So… supposedly if you live in Phineas and Ferb Land, summer vacation is 104 days long. Well, in Northeast Ohio, it’s 74. Now, don’t get me wrong, 74 days off in a row is a lot more than most people get, and I am happy that I picked a profession that allows for proper rest. Needlesstosay, it is not all about lounging at the pool and drinking margaritas (although there will be time for that).
For me, the most important accomplishment I can perform this summer is
running a 5K reading. (Did you pick up on the subliminal message I am trying to send myself? I am still trying to convince myself to get in shape. Man, am I tricky to try to ambush my psyche into exercising more.) Yes, reading. I want to be on top of my game for my new Honors American Lit Prep, but also, reading for the sheer enjoyment of reading.
My goal for this summer is the goal I set every summer: a book a week. Hopefully, I won’t spend all of July like I did last year: reading some vampire infused epic that I loved to hate, but couldn’t put down. (The Passage by Justin Cronin) I will admit, after 784 pages, I was glad I finished it, although I was miserable for the majority of the book.
Today, I made myself a summer book list. It will be a mixture of books I will be teaching, books I should have probably already read, and books I want to read. I have to be honest, I feel a little giddy.
Here is my list in no particular order:
1. The Scarlet Letter by Nathanial Hawthorne
As I said, I am teaching a new prep next year, so I have to bone up on some very old literature. I do not think I have read this book since I myself took Honors American Lit with Mr. Wilson, but I look forward to rekindling a relationship with Hester Prynne. After I read it, I plan on rewarding myself with watching the hilarious Easy A with Emma Stone; it is chucked full of literary references.

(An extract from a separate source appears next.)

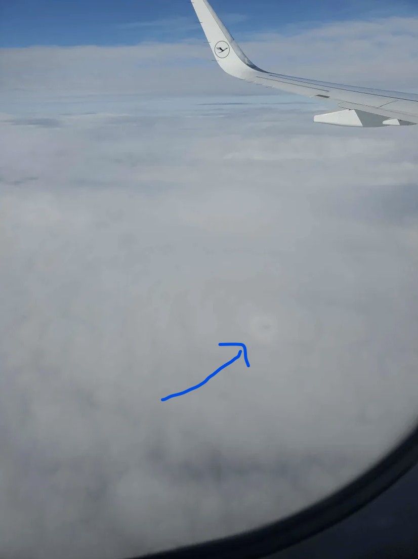 - The sun glancing off the plane (possibly one of the windows) actually cast a reflection on the cloud tops, much like when you have a glass prism reflecting while hanging in a window. It reminded me of a sun dog [ https://www.skyatnightmagazine.com/space-science/sun-dogs ], if you've ever seen one of those. They're pretty cool.

2. Cat’s Cradle by Kurt Vonnegut
Vonnegut creates amazing futuristic societies with fantastically peculiar characters. What I like best about Vonnegut is the message. He may have written this book fifty years ago, but the themes are just as relative. I have read Vonnegut before– Slaughterhouse Five, The Siren’s of Titan, and Breakfast of Champions. This novel is touted as one of his finest.
3. Tasteful Nudes: … and Other Misguided Attempts at Personal Growth and Validation by Dave Hill
Yep, my Junior year prom date went and got himself published! How can I not read it? He is such a funny comedian, I look forward to his scintillating take on the world.

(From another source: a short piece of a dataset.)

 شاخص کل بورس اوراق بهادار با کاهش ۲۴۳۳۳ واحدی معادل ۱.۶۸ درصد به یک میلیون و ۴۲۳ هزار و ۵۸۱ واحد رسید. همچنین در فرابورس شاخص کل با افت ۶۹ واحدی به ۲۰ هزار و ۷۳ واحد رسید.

4. A Farewell to Arms by Earnest Hemingway
Hemingway is one of my all-time favorite authors. I took a class in college called The Lost Generation, and I fell in love with how he viewed the world.
Hemingway has a knack for creating characters who say little but say so much all at the same time.
5. Mockingjay by Suzanne Collins
I am embarrassed to admit it, but I never finished the Hunger Games series. I read the first one in less than a week because my oldest daughter said she would go see the movie with me, but only if I read the book. I liked the first one so much, I whipped through the second one, Catching Fire, in a weekend. I have been meaning to read this for about three months. This may be the first book I open this summer.
6. The Lost Symbol by Dan Brown
So let me tell you a little story. Last summer we took an amazing family vacation to Disney World. Before we left, I decided that I had to have a Kindle. I needed a way to read books on the plane without actually having to lug books. Tom and I went to Target to get it, and they had not one, but two discounted Kindles because they were “open box” models. The “latest” version had just been released and I have to assume two different people bought and returned these Kindles for the better model. Well, Tom and I cannot pass up a deal– we bought both.
The crazy part of this story is that I was a little hesitant about Tom’s purchase because Tom has never been a big reader. (Even married to an English teacher, imagine that!) Yet, for whatever reason, having a book fused with technology turned him into a voracious reader. He downloads more books than I do, and he reads them fast! Thus, this one is on the Kindle, and Dan Brown has never disappointed me before. I am predicting it will be a page turner.
7. 11/22/63 by Stephen KIng
I hate Stephen King. Well, I don’t know Stephen King. He is probably a very nice man, but I hate feeling scared out of my wits, and usually, that is what happens when I read Stephen King. However, this one is supposed to be laced with more intrigue than fright. Besides, Tom read this one, too, and it is darn right embarrassing that my husband reads more than I do (English teacher guilt).
8. Unbroken: A World War II Story of Survival, Resilience, and Redemption by Laura Hillenbrand
I think this book sounds fascinating. It’s a true story about a guy who crashed into the ocean during World War II. I have grown very fond of nonfiction as I have gotten older, especially stories in which the main character makes me want to live my life better.
9. The Adventures of Huckleberry Finn by Mark Twain
An American classic: enough said.
Seemingly, if I were truly going to read a book a week, I should have ten books on this list. Let’s be honest, I’m probably not going to get through these nine. Realistically, at some point, I am going to really try to run (No I’m not), and I will need a break to have that margarita.